» The input:
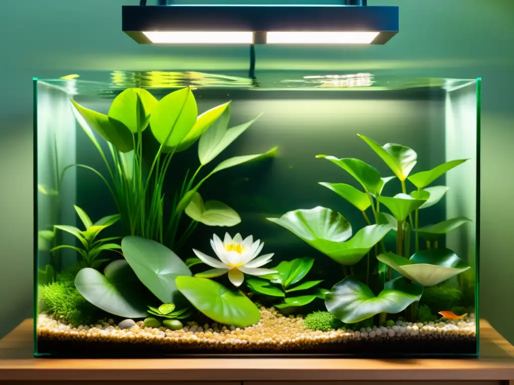 Un tranquilo jardín acuático interior con pecera de vidrio, plantas acuáticas verdes, peces dorados y luz natural
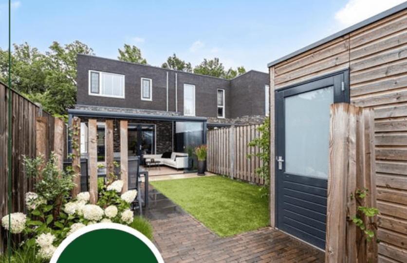 With a living area of approximately 103 m² (including the conservatory) and a plot size of 143 m², the home offers a pleasant living space with a sunny garden, garden shed, and a private parking space directly behind the house.
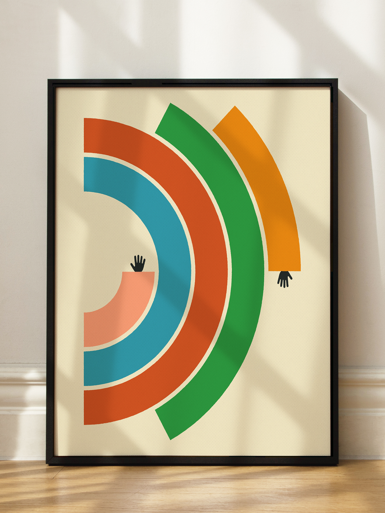 Dieses lebendige grafische Poster zeigt einen Regenbogen in kräftigen Farben auf einem beigen Hintergrund. Die Bögen des Regenbogens sind in Orange, Grün, Blau, Rot und Rosa gehalten. Zwei Hände, eine in Schwarz und die andere in Rosa, ragen aus den Bögen hervor und verleihen dem Bild eine spielerische und dynamische Note. Das Design ist modern und farbenfroh, ideal, um jedem Raum einen frischen und kreativen Akzent zu verleihen.
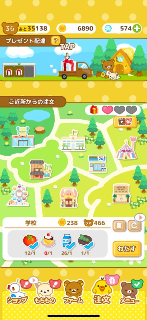 リラックマたちと作物やスイーツなどを生産、納品していきます。
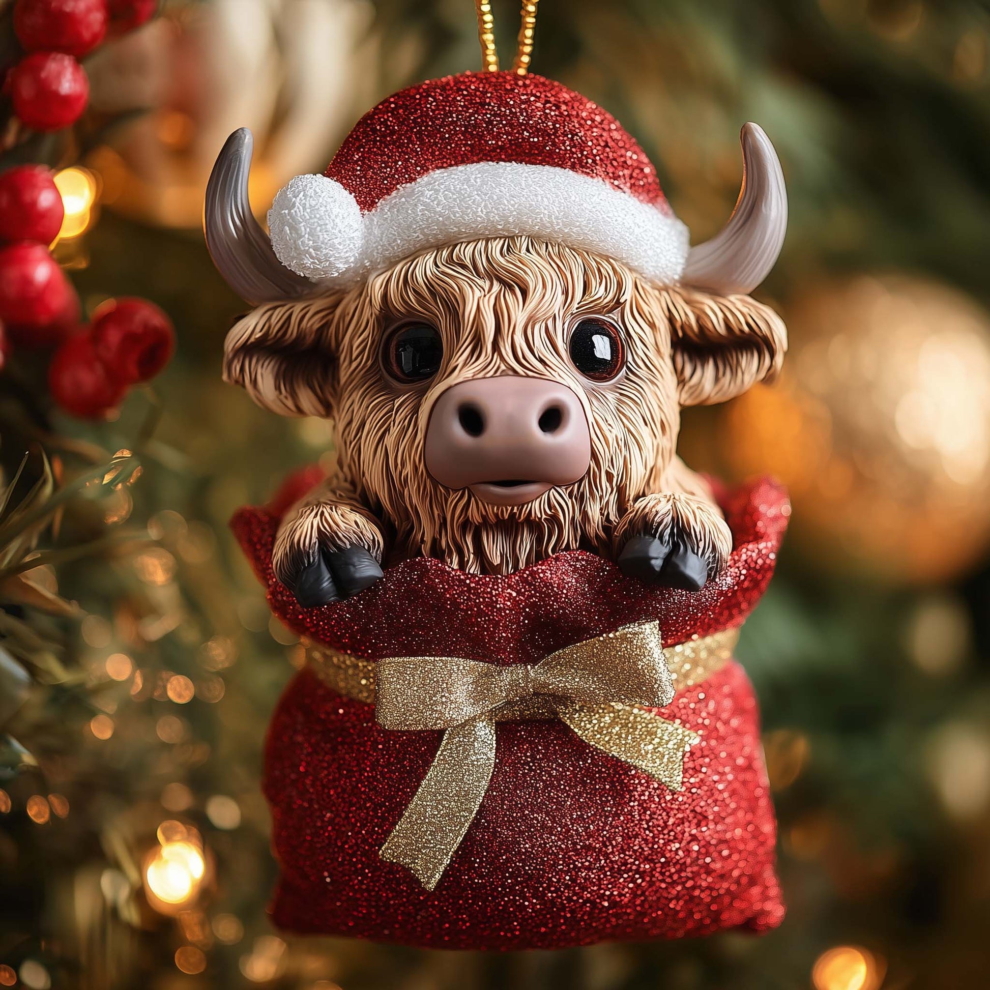 Holiday Highland Cow Christmas Mica Ornament GFTONL7209
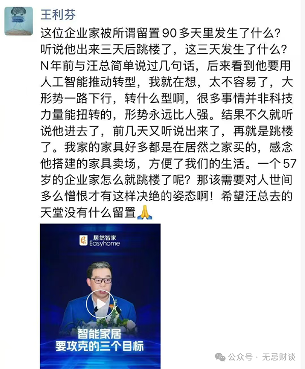 主持人王利芬回忆说:汪总说要用人工智能推动转型,我在想太不容易了,大形势一路下行,转什么型,形势永远比人强。一个57岁的企业家怎么就跳楼了呢?那该需要对人世间多么憎恨才有这样决绝的姿态啊。
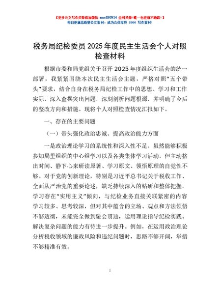 / 税务局纪检委员2025年度民主生活会个人对照检查材料
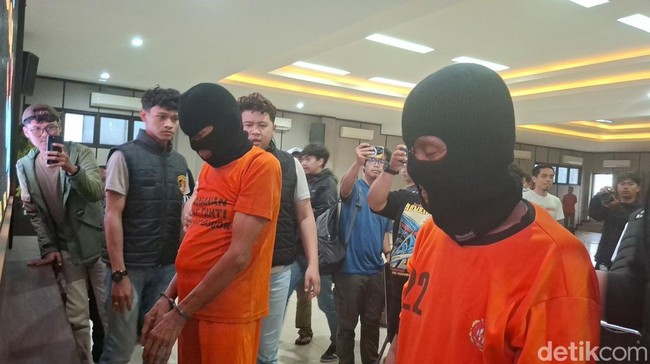 Pantauan detikcom, pelaku WS dan MR dihadirkan saat rilis di aula Polres Bogor, Minggu (21/9/2025). Dua sekawan ini dihadirkan dengan wajah ditutup sebo dan tangan diborgol.
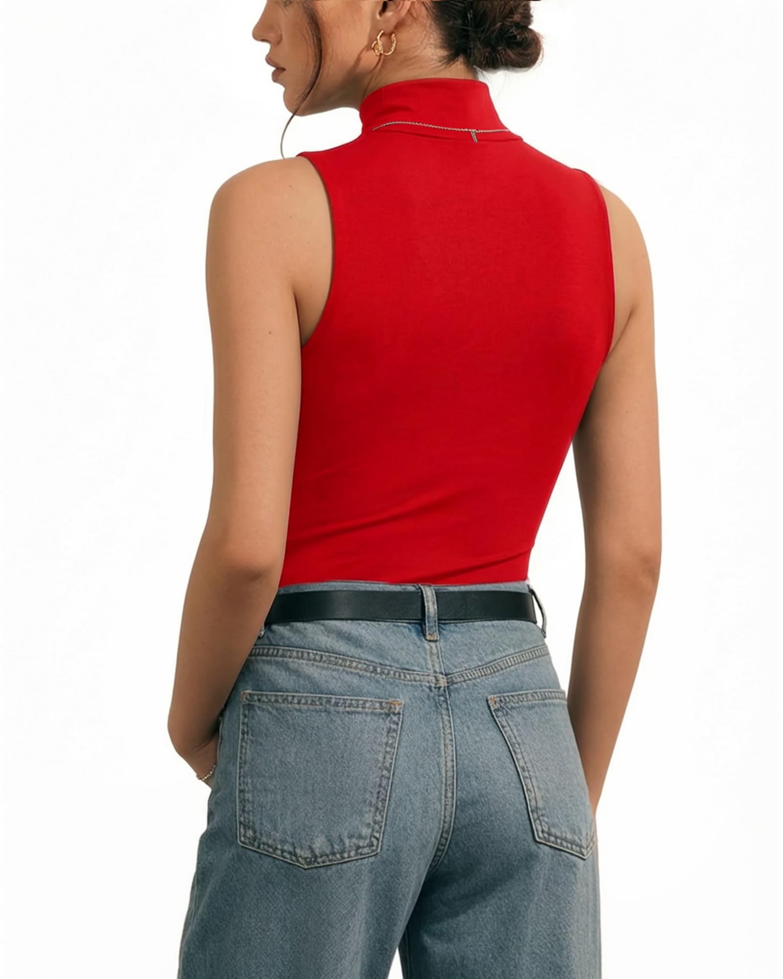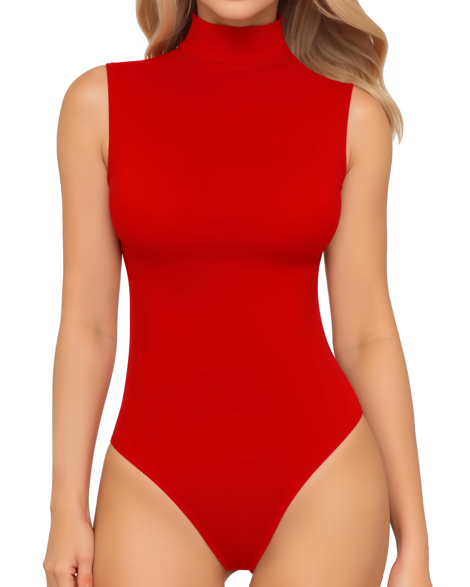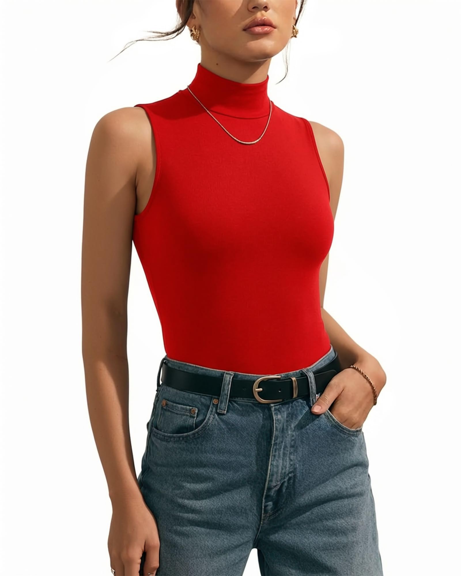 Second-skin Bodysuit Collection: MANGOPOP seamless Mock Turtle Neck sleeveless bodysuit ,offering an incredibly soft, stretchy, lightweight, and breathable feel akin to a second skin
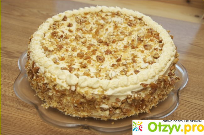 Украсьте торт по своему усмотрению. Можно орехами или тертым шоколадом.
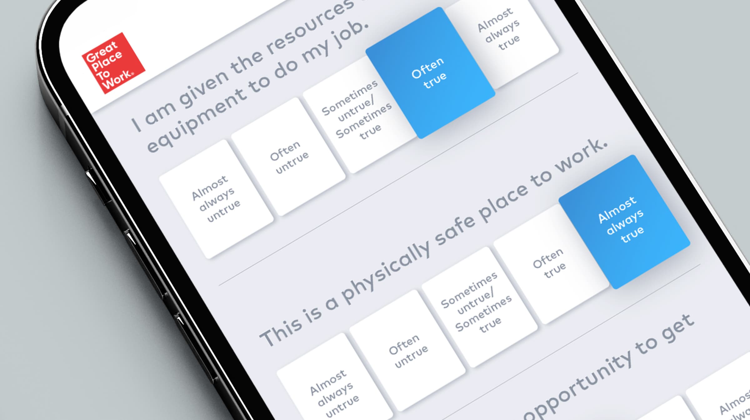 In broad terms, the Great Place To Work Trust Index™ Survey measures the level of trust in your organization and the consistency of the employee experience. In other words: How often can employees count on something happening in their workplace, such as clear and honest leadership, fair treatment, and employee recognition?

» Instructions for the task: Print once more, exactly, the lines that start at the top of the records above and end at the line with "With a living", skipping all pictures.

» Answer to this exercise:
 Un tranquilo jardín acuático interior con pecera de vidrio, plantas acuáticas verdes, peces dorados y luz natural
 With a living area of approximately 103 m² (including the conservatory) and a plot size of 143 m², the home offers a pleasant living space with a sunny garden, garden shed, and a private parking space directly behind the house.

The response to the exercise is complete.